§ **What this task involves**: Although the records contain pictures, none belong in the copy: restate word for word only the lines from the one with "Enter the hall" through the one with "In deel 1 wordt", both included.

Items from a data source:
━━━━━━━━

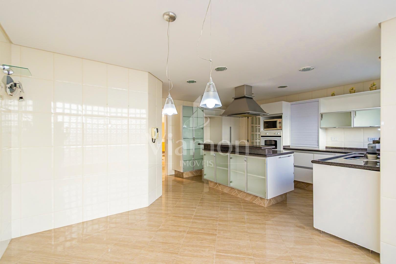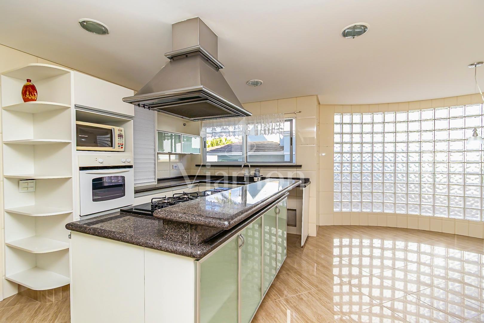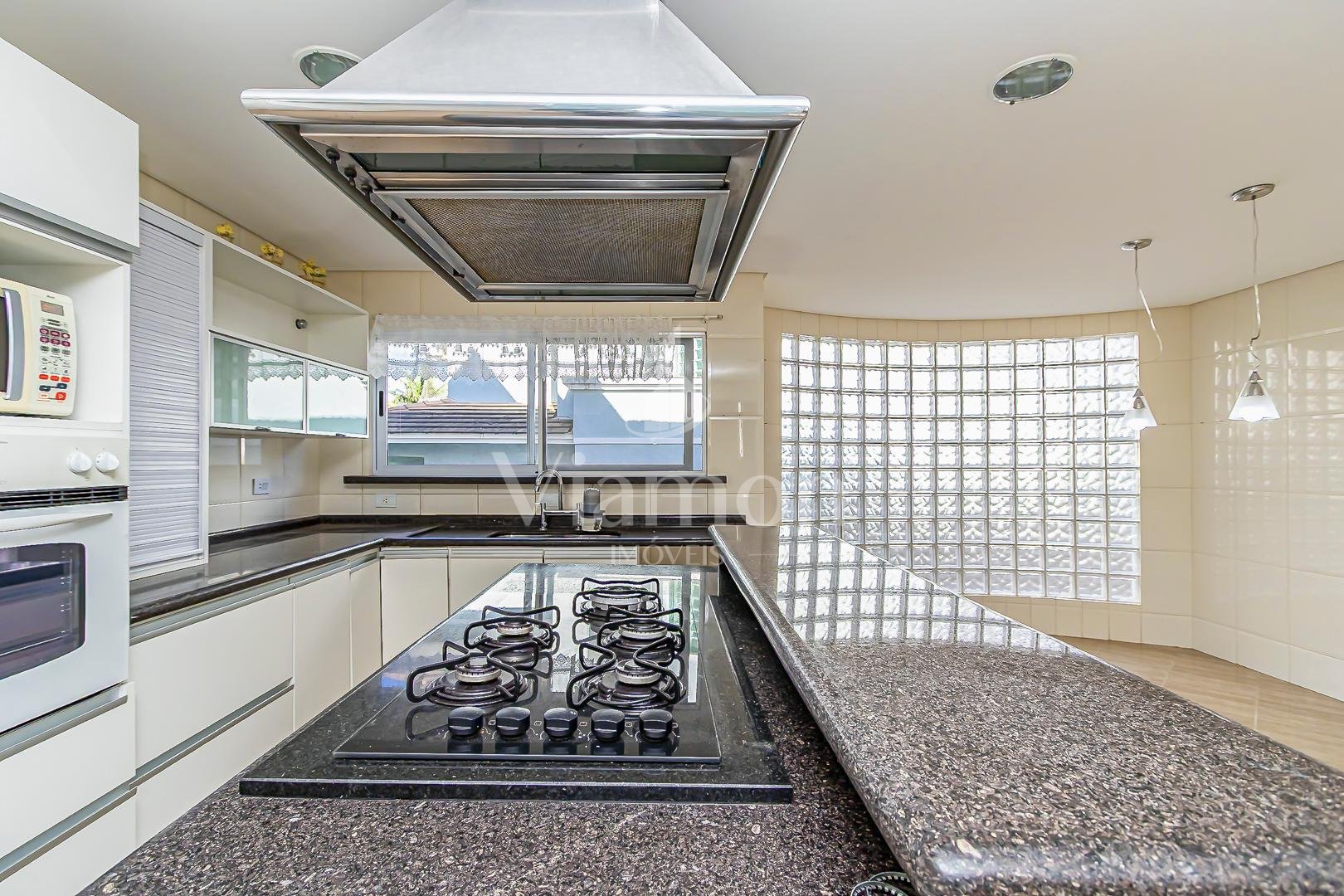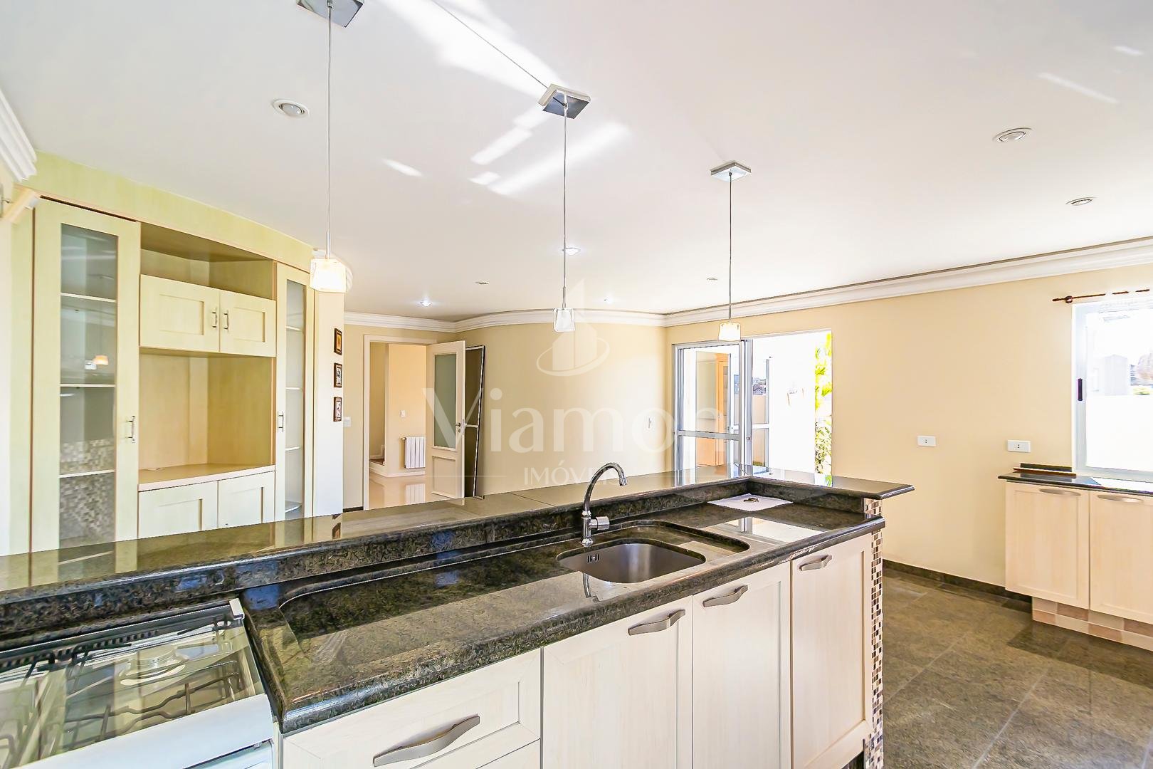 Cozinha ampla com espaço para copa iluminada e louceiro
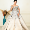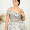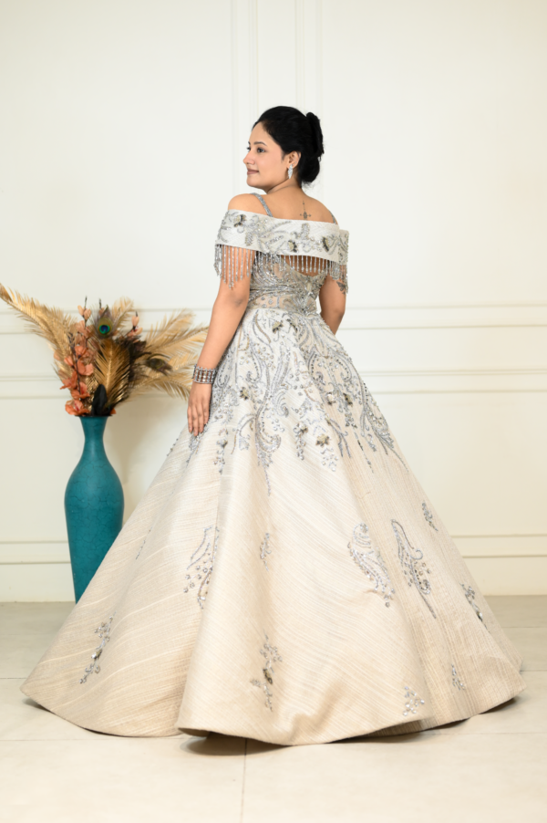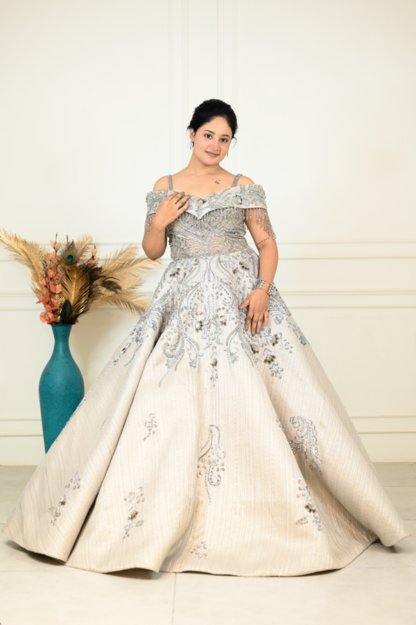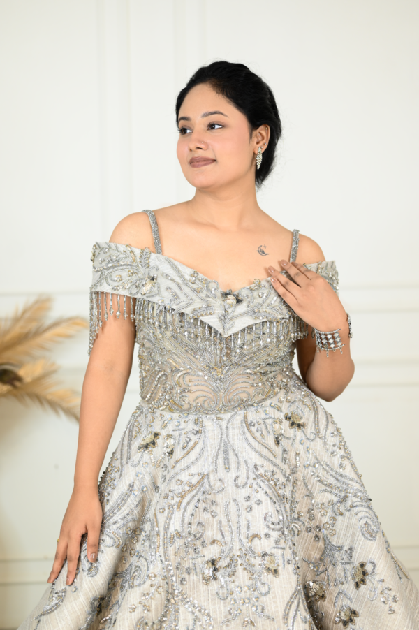 | Description | Make a graceful statement with this exquisite sage green gown, designed for elegant celebrations. The off-shoulder neckline features delicate beaded fringe detailing, adding a touch of glamour. Intricate silver and crystal embroidery adorns the fitted bodice, flowing beautifully into a voluminous flared skirt with ornate motis. Crafted from luxurious fabric, this gown offers a regal silhouette and refined sparkle. Perfect for weddings, receptions, and evening soirées, it blends classic sophistication with modern charm effortlessly. |
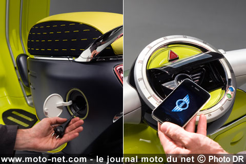 Moderne, il comprend une instrumentation stylisée qui prend "la forme d'un tube rempli d'un liquide qui se dilate", fantasme Mini... Et naturellement, on y glisse son Smartphone qui y joue le rôle de clé de contact, d'écran et d'élément de commande centrale !
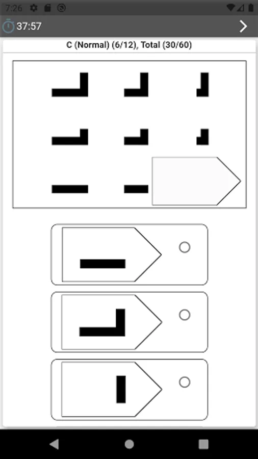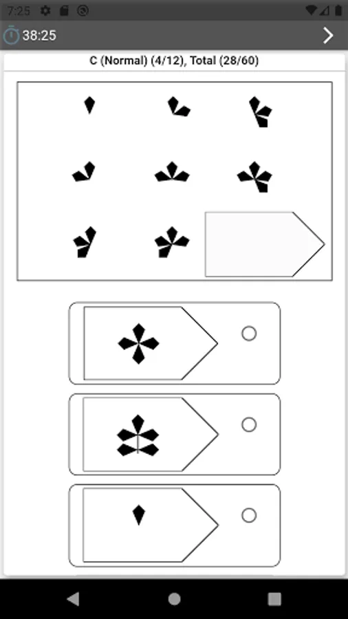 This app has many visual patterns test questions.
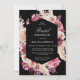 Este Floral Boho Chic Convites de chá de panela - apresenta texto branco manuscrito e elegante com rosas de creme branco e burgundy chic no fundo preto. O reverso do convite é preto lacônico. Torne seu casamento memorável e brilhante com esta coleção de chic boho.
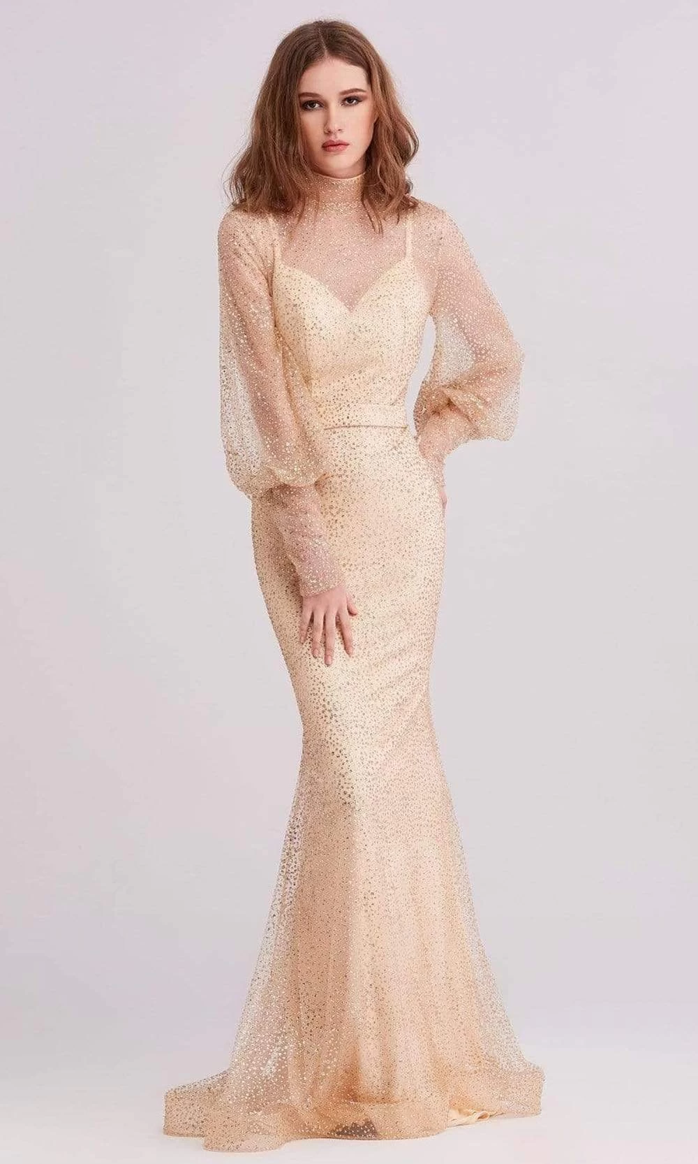 Enter the hall with grace and beauty in Jadore J15027. Designed with glitters all throughout, a promise of shine and shimmer is real. It has a see-through effect and features high neckline and bishop long sleeves, perfect for modest girls. It uses waist band around natural waist and parades a fit and flare trumpet silhouette in full length. This Jadore will definitely bring out the goddess in you!
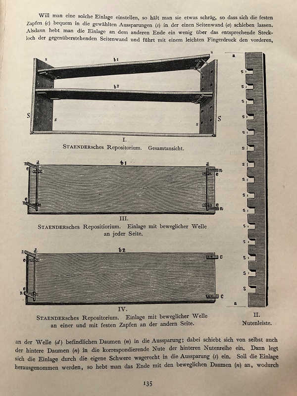 In deel 1 wordt ook aandacht besteed aan de praktische inrichting, binnen in het bibliotheekgebouw (die innere Ausstattung des Bibliothekgebaeudes): de opzet van kasten, rekken en planken. Allerlei technische zaken passeren de revue, zoals plankafstand en hoeveel rijen boeken van de verschillende formaten (folio, quarto, octavo, etc.) passen in een kast. Iedereen die wel eens heeft zitten klungelen met boekenplanken en boekhoogte, herkent hier veel in.
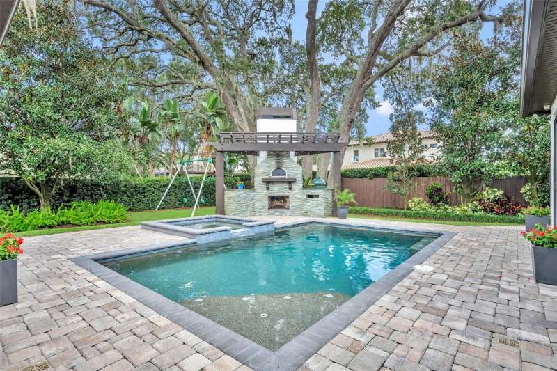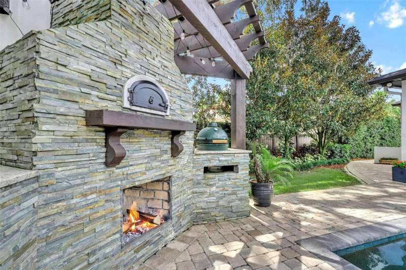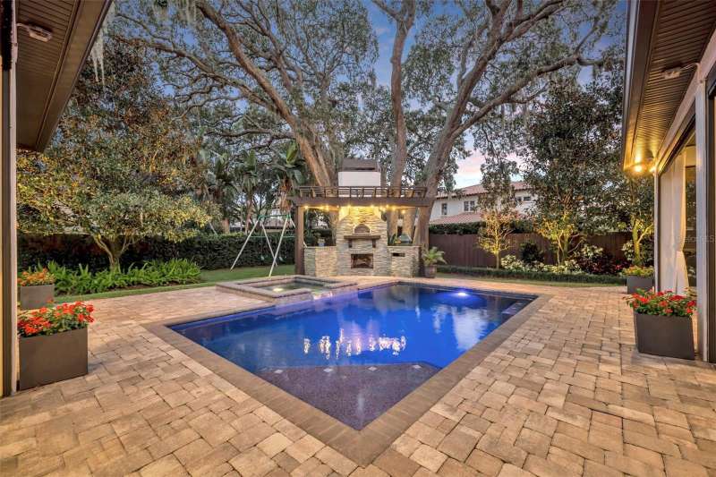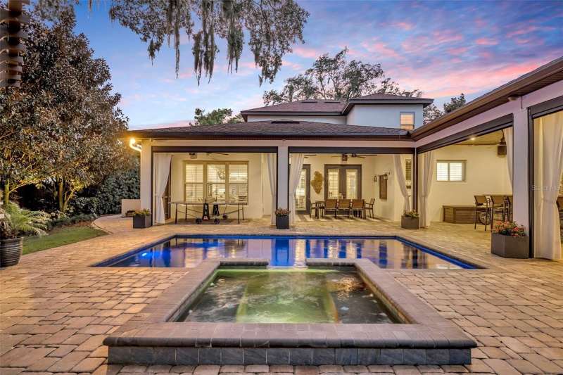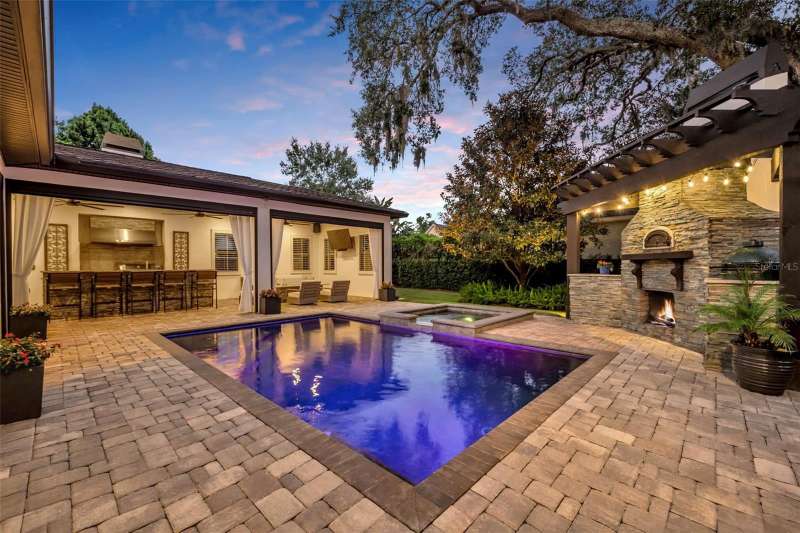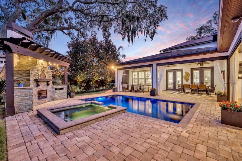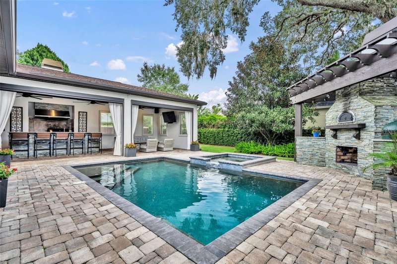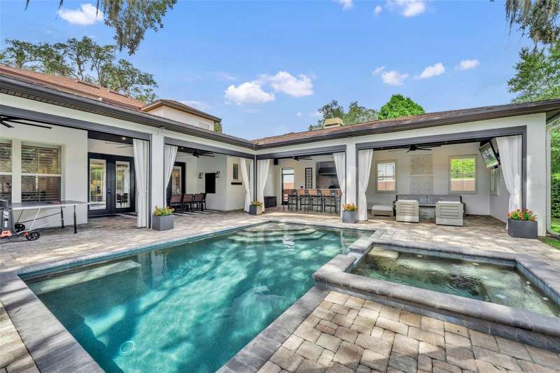 This stunning LunDev-built pool home has been meticulously maintained and thoughtfully updated, blending timeless craftsmanship with modern style. The ideal floorplan features a first-floor primary suite, a private office, and an open kitchen and family room that flow effortlessly to the home’s exceptional outdoor living space. Outside, the spacious backyard is a private retreat complete with an oversized covered patio, gas firepit, and a fully equipped summer kitchen with a pizza oven, all surrounding a sparkling pool and heated spa. In 2022, the kitchen received a major renovation, showcasing a new island, updated countertops and backsplash, fresh fixtures and cabinet hardware, and elegant lighting that elevate the space. The primary bath renovation mirrors the same level of quality, with new custom vanities topped with quartz countertops, all-new tile, a glass-enclosed shower, a relaxing soaking tub, and classic lighting and mirrors. Additional improvements include a new roof (2021), newer hardwood floors throughout the 2nd floor, updated brick paver driveway, newer pool equipment, and fresh interior and exterior paint, each reflecting consistent care and attention to detail. Designed for both everyday comfort and effortless entertaining, this home is truly move-in ready and radiates pride of ownership inside and out.

━━━━━━━━

§ **Solution to this exercise**:
 Enter the hall with grace and beauty in Jadore J15027. Designed with glitters all throughout, a promise of shine and shimmer is real. It has a see-through effect and features high neckline and bishop long sleeves, perfect for modest girls. It uses waist band around natural waist and parades a fit and flare trumpet silhouette in full length. This Jadore will definitely bring out the goddess in you!
 In deel 1 wordt ook aandacht besteed aan de praktische inrichting, binnen in het bibliotheekgebouw (die innere Ausstattung des Bibliothekgebaeudes): de opzet van kasten, rekken en planken. Allerlei technische zaken passeren de revue, zoals plankafstand en hoeveel rijen boeken van de verschillende formaten (folio, quarto, octavo, etc.) passen in een kast. Iedereen die wel eens heeft zitten klungelen met boekenplanken en boekhoogte, herkent hier veel in.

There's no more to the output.